Identifies peptide features in raw (i.e. profile) LC-MS data.
FeatureFinderRaw is a tool for the identification of peptide features in profile LC-MS data.
Algorithm
The underlying algorithm of the tool is equivalent to that of SILACAnalyzer.
The command line parameters of this tool are:
Parameter Tuning
input:
- in [*.mzML] - LC-MS dataset to be analyzed
- ini [*.ini] - file containing all parameters (see discussion below)
standard output:
- out [*.consensusXML] - contains the list of identified peptides
optional output:
- out_clusters [*.consensusXML] - contains the complete set of data points passing the filters
The results of an analysis can easily visualized within TOPPView. Simply load *.consensusXML and *.featureXML as layers over the original *.mzML.
Parameters in section algorithm:
- allow_missing_peaks - Low intensity peaks might be missing from the isotopic pattern of some of the peptides. Specify if such peptides should be included in the analysis.
- rt_threshold - Upper bound for the retention time [s] over which a characteristic peptide elutes.
- rt_min - Lower bound for the retentions time [s].
- intensity_cutoff - Lower bound for the intensity of isotopic peaks in a SILAC pattern.

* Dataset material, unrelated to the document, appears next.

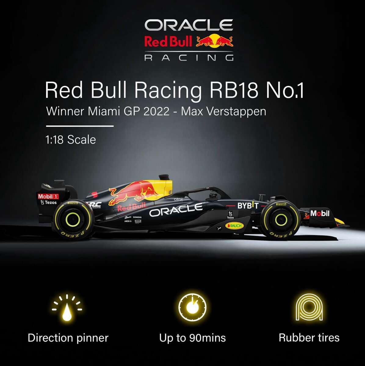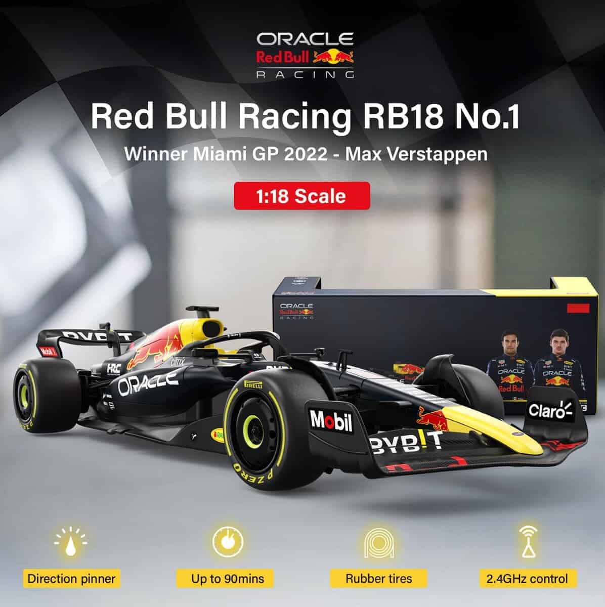 1. Autorización oficial: Totalmente autorizado por el equipo de F1 de RedBull, una réplica muy bien diseñada del coche real; El vehículo mide en escala 1:18.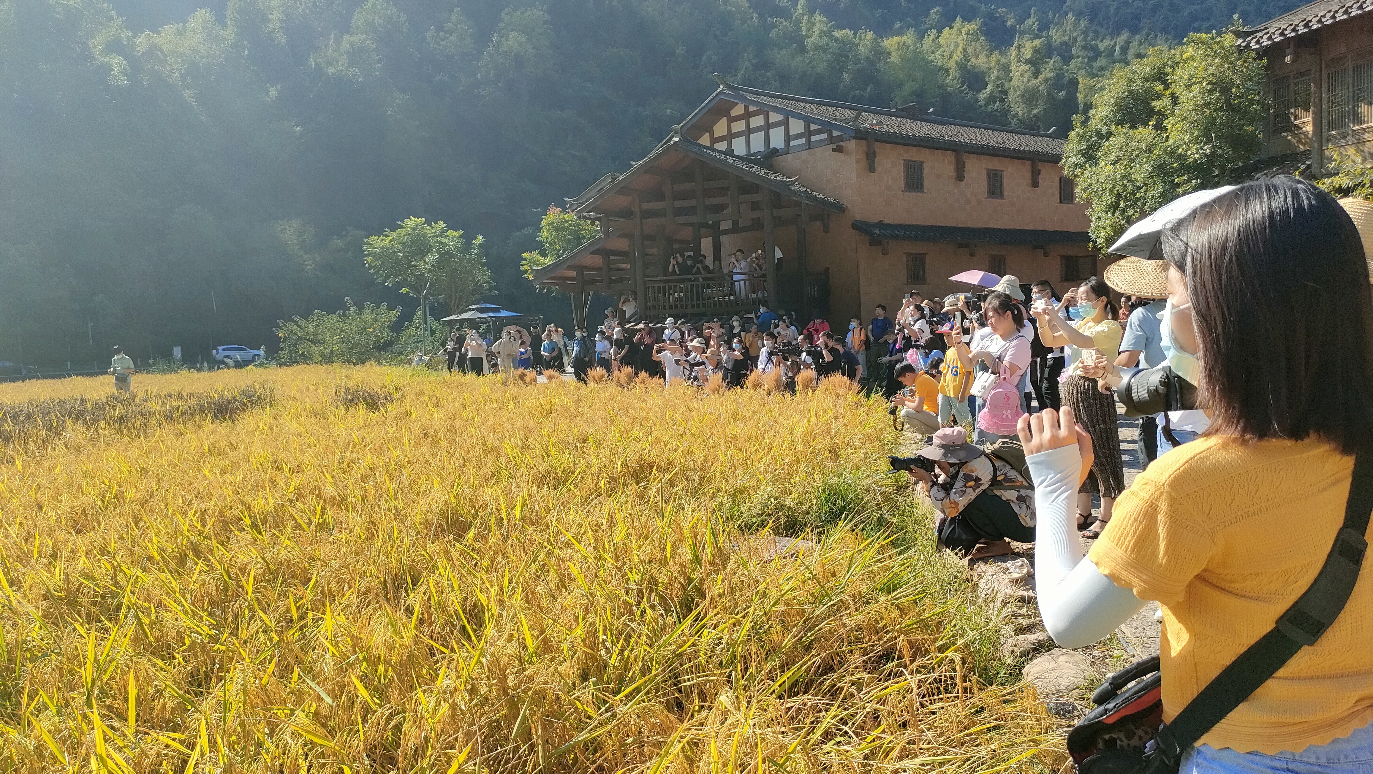 游客围观稻田秋收

- intensity_correlation - Lower bound for the Pearson correlation coefficient, which measures how well intensity profiles of different isotopic peaks correlate.
- model_deviation - Upper bound on the factor by which the ratios of observed isotopic peaks are allowed to differ from the ratios of the theoretic averagine model, i.e. ( theoretic_ratio / model_deviation ) < observed_ratio < ( theoretic_ratio * model_deviation ).